Eyewitness accounts are suggesting that Transit Police Officer Richard H. Donohue Junior, who was shot and nearly killed in Watertown, Massachusetts on April 19 may have been hit by a fellow officer.
According to the Boston Globe, Donohue, who works with the Massachusetts Bay Transportation Authority (MBTA), was hit when police fired on suspected terrorist Dzhokhar Tsarnaev, who was making a getaway in a carjacked sport utility vehicle.
Donohue was reportedly shot during a gunfight in which at least a dozen police officers from four departments exchanged up to 300 rounds of gunfire with Dzhokhar's older brother, Tamerlan Tsarnaev.
Jane Dyson, who lives 140 feet from where the police officer was shot, told the Globe in a written statement that she saw Donohue collapse and fall to the ground near the end of the gunfight as 19-year-old Dzhokhar Tsarnaev sped away. She wrote that the officer appeared to be a victim of 'friendly fire.'
'A black SUV appeared, and rapid gun fire was focused on the vehicle,' Dyson wrote, referring to the vehicle Tsarnaev allegedly drove in his escape. 'It appeared to me that an individual at the corner of the street fell to the ground and had probably been hit in the gunfire. I later learned that the individual who had been shot was Officer Richard Donohue,' she wrote.

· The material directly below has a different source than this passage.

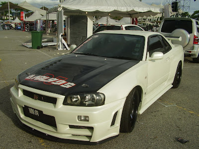 Nissan Skyline R34 racing style, installed with Voltex GT wing. Car owner has specially pick this plate number for matching the model of this car,

The ongoing investigation suggests that the two suspects were unarmed when Dyson saw Donohue fall, suggesting that the shot that wounded him came from a fellow police officer. Two other witnesses reportedly support Dyson's account that Donohue appeared to be wounded in the final volley of shots fired at the fleeing suspect.
But none of the witnesses faulted the police. 'I don’t second-guess the actions the police took to stop these terrorists,' Dyson concluded. 'The police did a great job.'
'Considering the chaos on those dark streets, where a pair of homicidal terrorists were firing shots and throwing bombs at police, the fact that friendly-fire incidents may have occurred detracts nothing, not one bit , from the valor and heroism of the officers and troopers who caught up to them that night,' state police spokesman David Procopio told the Globe.

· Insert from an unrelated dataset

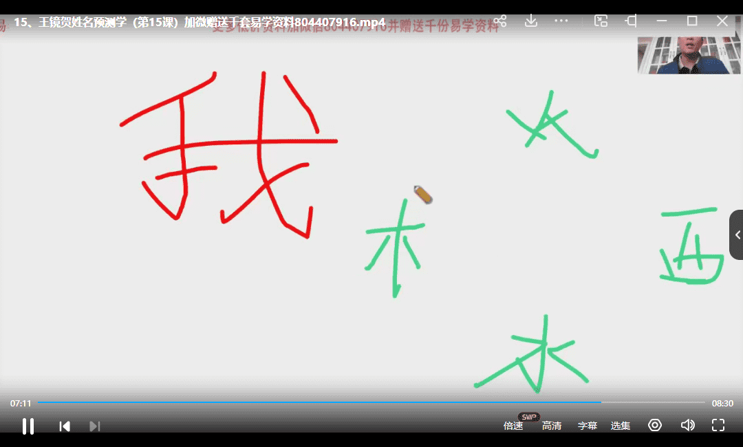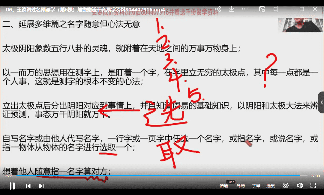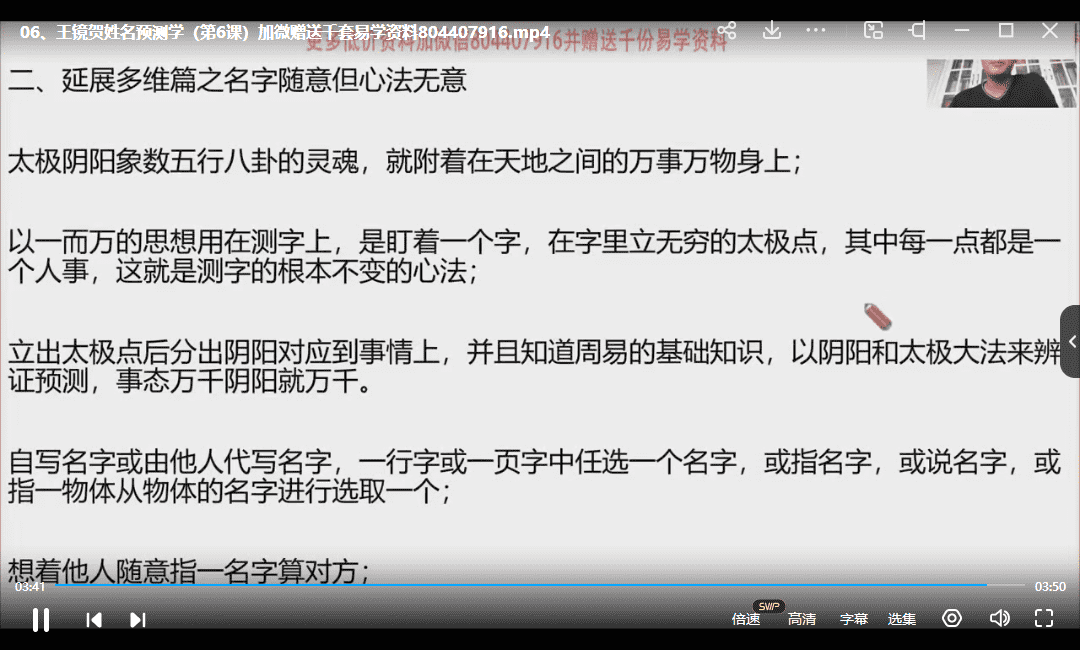 王镜贺姓名预测学 视频15集,直播讲解,视频上有文字描述,可以更好的去学习和记忆。围绕文字讲解,树立太极点,从而判断吉凶,理论偏向天机姓名学。

The shootout in Watertown, Massachusetts was unusual in that officers from as many as six different agencies all converged on the suspects in the middle of the night, with little time to coordinate efforts.
'It’s arguably a wartime situation,' Chuck Wexler, executive director of the Police Executive Research Forum told the Globe. 'Police agencies are not generally prepared for the kind of wartime situation that these officers encountered.'
Donohue and his partner were among the first officers to arrive at the scene just moments after the two Tsarnaev brothers pulled over in the SUV they had allegedly car jacked.
In the ensuing 10 minutes, police officers fired what reports suggest was an unprecedented number of rounds in a single police incident in state history.
The shots reportedly wounded both suspects, but also sprayed the neighborhood. At least a dozen nearby houses were pockmarked with dozens of bullet holes, including a second-floor bedroom where two children slept.
Donohue arrived at Mount Auburn Hospital with almost no blood and no pulse, but doctors say he will probably make a full recovery. In a statement released last week, Donohue said the bullet 'will remain in my leg as it is not obstructing anything or causing any pain.'
Procopio announced this week that the friendly-fire investigation 'will take a good amount of time' because of the existence of 'a great deal of physical and ballistics evidence,' including the need to interview various witnesses.
'It is a complex investigation being conducted very methodically,' Procopio said.